Their name: Roma? Sinto? Gypsy?
“Roma” (or Sinto, Manouche, Kalo, Romanichal) and “Gypsy” (or nomad, Gitano, Bohemien, Sarrasin, Heiden etc.) are not the same thing and they are not synonyms. These terms refer to the same people but viewed and designated differently.
“Roma” is the word (ethnonym) that the Roma use to describe themselves: it is the term for the members of that specific people and it is Romani for “man”. “Gypsy” is a derogatory, disparaging term – for many an insult — used by the majority population to define the Roma people.
“They are often called 'gypsies', this heteronym probably deriving from the [Greek] name of the ancient heretical sect of the Athinganoi (‘untouchables’), which dates back to the year 500 A.D. and was used in the 12th century to designate those populations that arrived in the Byzantine Empire from Asia Minor (see Cortelazzo, Zolli, 1988). As noted by Piasere (2004), the conceptual structure of the heteronym was so flexible as to include into the same group, over the centuries,“a fairly composite variety of people who, in spite of their remarkably different cultures, probably had one thing in common: they were stigmatised by others who did not think of themselves as gypsies”. So, this heteronym was the product of putting a label on a group. It was very different from autonyms such as Roma (the plural of Rom), Manusˇ, Sinti, Kale, Romanichals, with the relative subgroups. In the 1980s, in order to come up with a single name to try to identify a single minority group, some administrations made frequent, and at the time, supposedly politically correct use of the term ‘nomad’. But this description is very superficial and causes a great deal of embarrassment as most of these populations are far from being nomadic, so much so that they are sometimes designated by the oxymoron ’settled nomads’, which applies to 80% of them. For reasons of expediency, people now tend to speak of the‘Roma community’. In Italian, however, this designation is ambiguous, as the noun ‘community’ does not change in the plural.
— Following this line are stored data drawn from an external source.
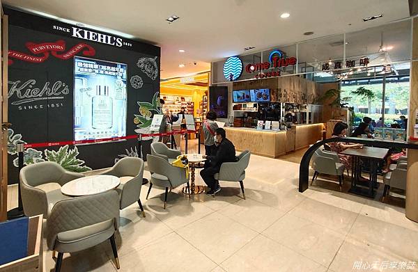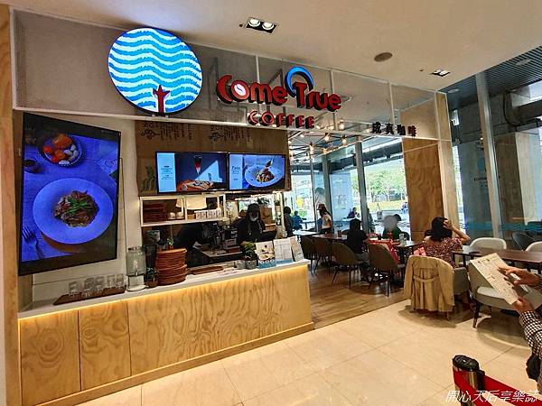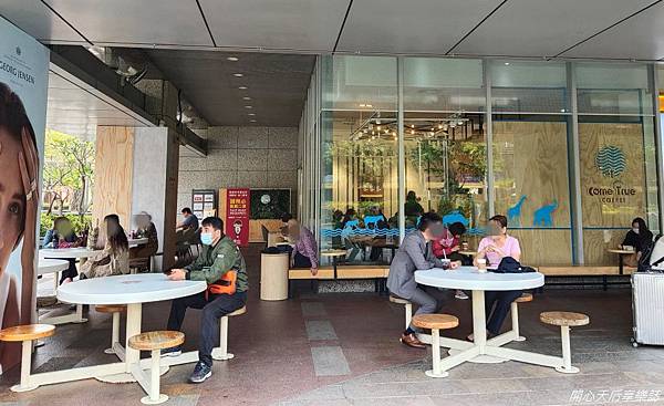 和閨蜜來到『成真咖啡-台北SOGO天母店』,位在捷運芝山站附近、SOGO百貨天母店一樓邊間,一眼就看到『成真咖啡』藍白外觀,清新中帶有非洲草原氣息,藍白波浪紋路的夢想樹LOGO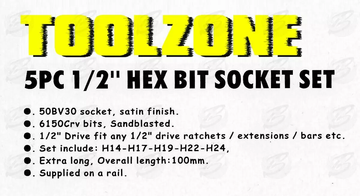 Be the first to review “Toolzone HEX Bit Sockets Extra Large & Long Hex Allen Key Socket Set H14 H17 H19 H22 H24” Cancel reply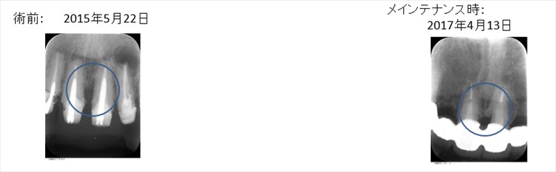 前歯の再生療法と精密根管治療で歯を保存した症例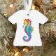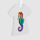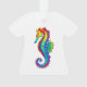 Articulação artificial, brilhante, arco-íris, cavalo de mar poligonal sobre fundo branco. Tatuagem brilhante.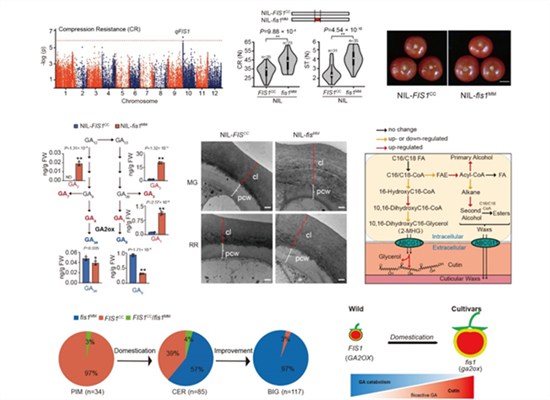 研究者利用番茄的重组自交系群体,通过关联分析获得了一个调控番茄果实硬度的主效QTL位点qFIS1。图位克隆发现该位点是由于一个编码赤霉素2-氧化酶的基因FIS1的突变造成的。栽培番茄中FIS1的突变,导致果皮中活性赤霉素含量升高,果皮角质层发生变化,角质和蜡质合成增多,因此果实硬度增加、货架期延长。除此之外,FIS1对果实硬度的改变,并不影响果实发育和风味等重要性状。对该位点进行基因编辑改良,可以显著增加番茄果实的硬度。因此该研究不仅首次证明了赤霉素参与调控番茄果实成熟过程中的果实硬度形成,而且为果实硬度的育种选择和定向改良提供了理想靶点。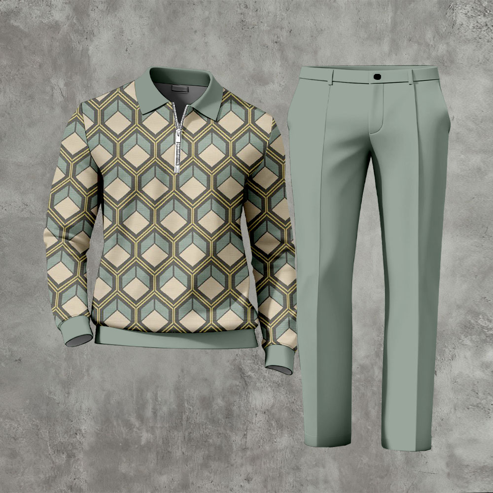 Men's Casual Retro Print Polo Collar Zipper Long Sleeve Pants Two-Piece Set

This ambiguity reveals a much debated issue that can be summarised as follows: it is better to acknowledge the diversity of these groups; taking their differences and their heterogeneous character as the necessary starting point both for any analytical studies, and for the design of any public policies.”
From Vitale T., “Rom e sinti in Italia: condizione sociale e linee di politica pubblica”, [“The Roma and Sinti people in Italy: social status and public policy approaches”], ISPI, no. 21, October 2010.
The Roma call non-Roma people “Gadjo” (in other dialects, the word used is Gagio, Cagio, Kaggio, Gadjo; Gaujo or Gorgio in English).